* [AVAILABLE DATA]
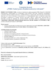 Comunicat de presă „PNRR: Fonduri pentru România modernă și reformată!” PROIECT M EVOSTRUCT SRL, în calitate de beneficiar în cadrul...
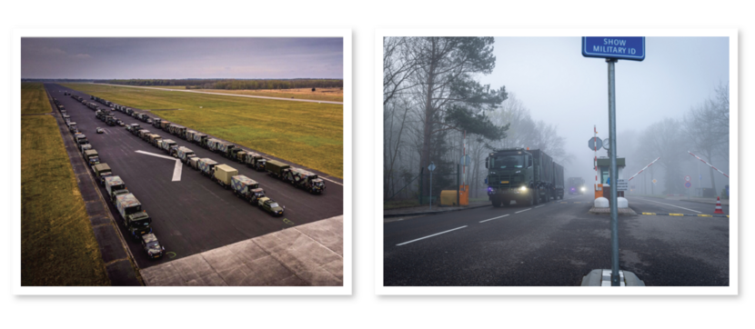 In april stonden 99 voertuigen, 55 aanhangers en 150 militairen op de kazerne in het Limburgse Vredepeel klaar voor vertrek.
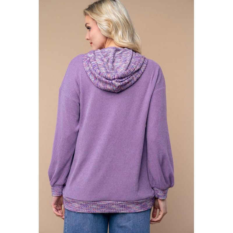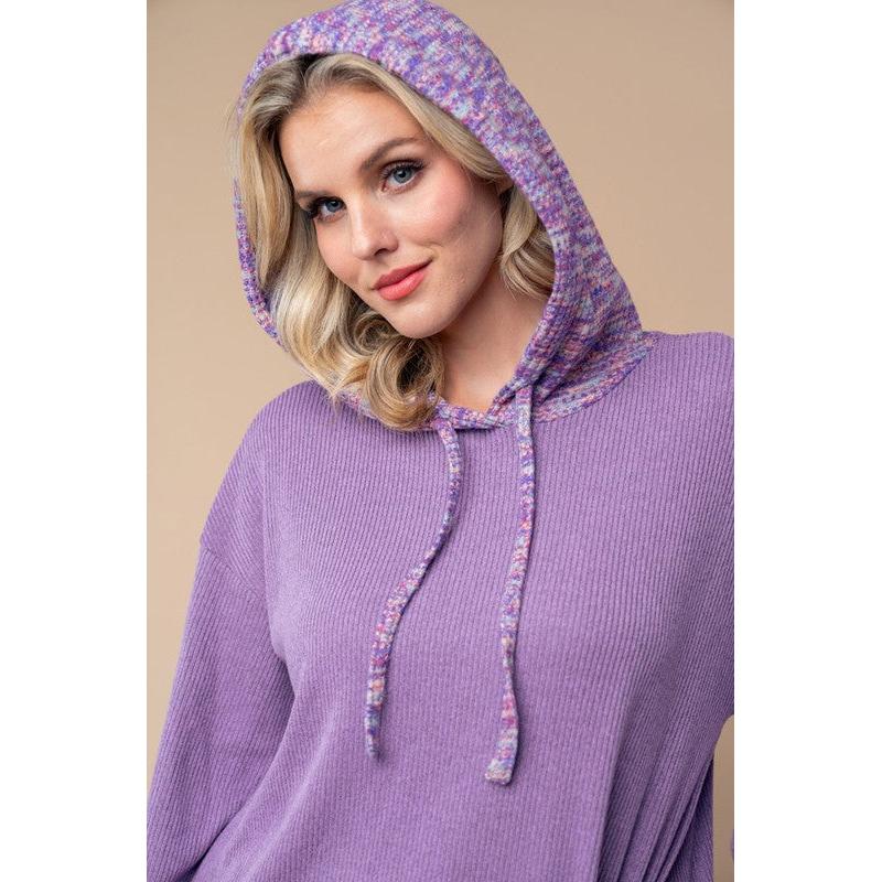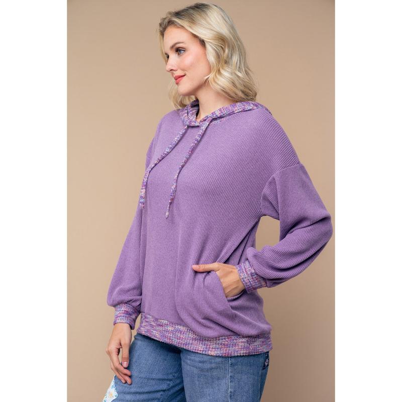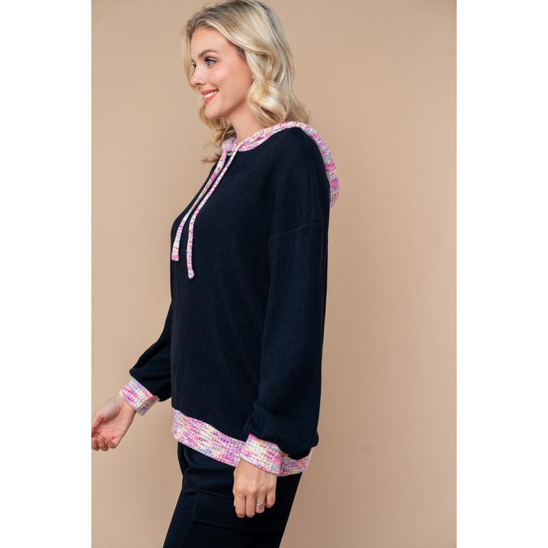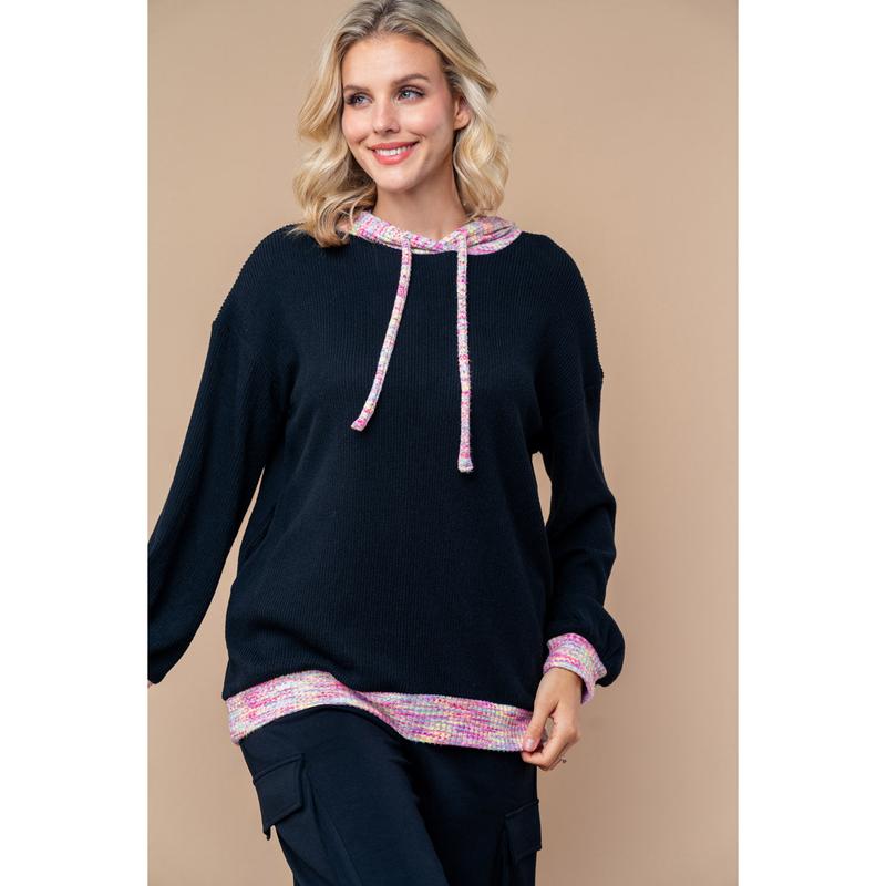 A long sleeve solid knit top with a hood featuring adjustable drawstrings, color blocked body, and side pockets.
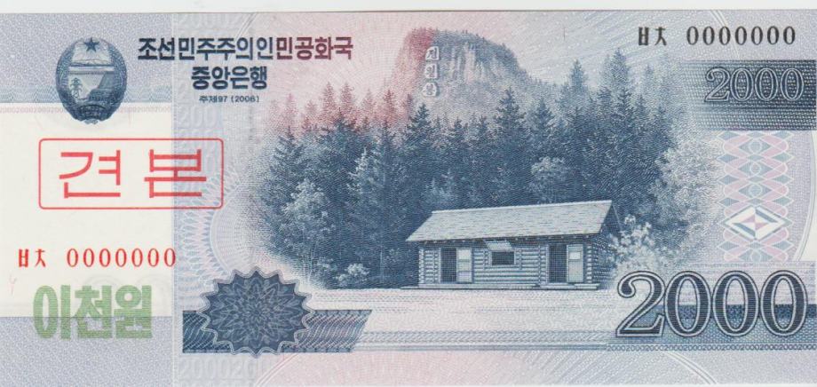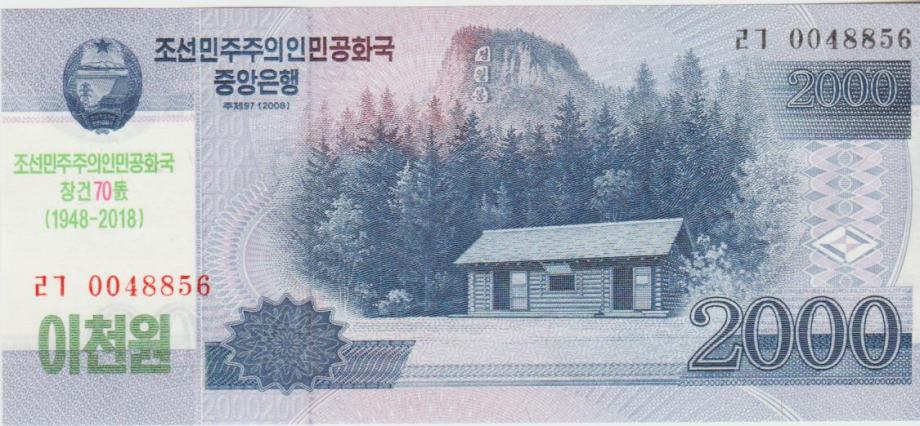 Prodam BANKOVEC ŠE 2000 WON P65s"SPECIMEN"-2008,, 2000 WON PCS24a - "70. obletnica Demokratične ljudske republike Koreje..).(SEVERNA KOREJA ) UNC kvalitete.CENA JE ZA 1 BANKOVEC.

* [TASK PROMPT] Keeping every word as it is, write out all the data and omit the pictures.

* [EXERCISE RESPONSE]
 Comunicat de presă „PNRR: Fonduri pentru România modernă și reformată!” PROIECT M EVOSTRUCT SRL, în calitate de beneficiar în cadrul...
 In april stonden 99 voertuigen, 55 aanhangers en 150 militairen op de kazerne in het Limburgse Vredepeel klaar voor vertrek.
 A long sleeve solid knit top with a hood featuring adjustable drawstrings, color blocked body, and side pockets.
 Prodam BANKOVEC ŠE 2000 WON P65s"SPECIMEN"-2008,, 2000 WON PCS24a - "70. obletnica Demokratične ljudske republike Koreje..).(SEVERNA KOREJA ) UNC kvalitete.CENA JE ZA 1 BANKOVEC.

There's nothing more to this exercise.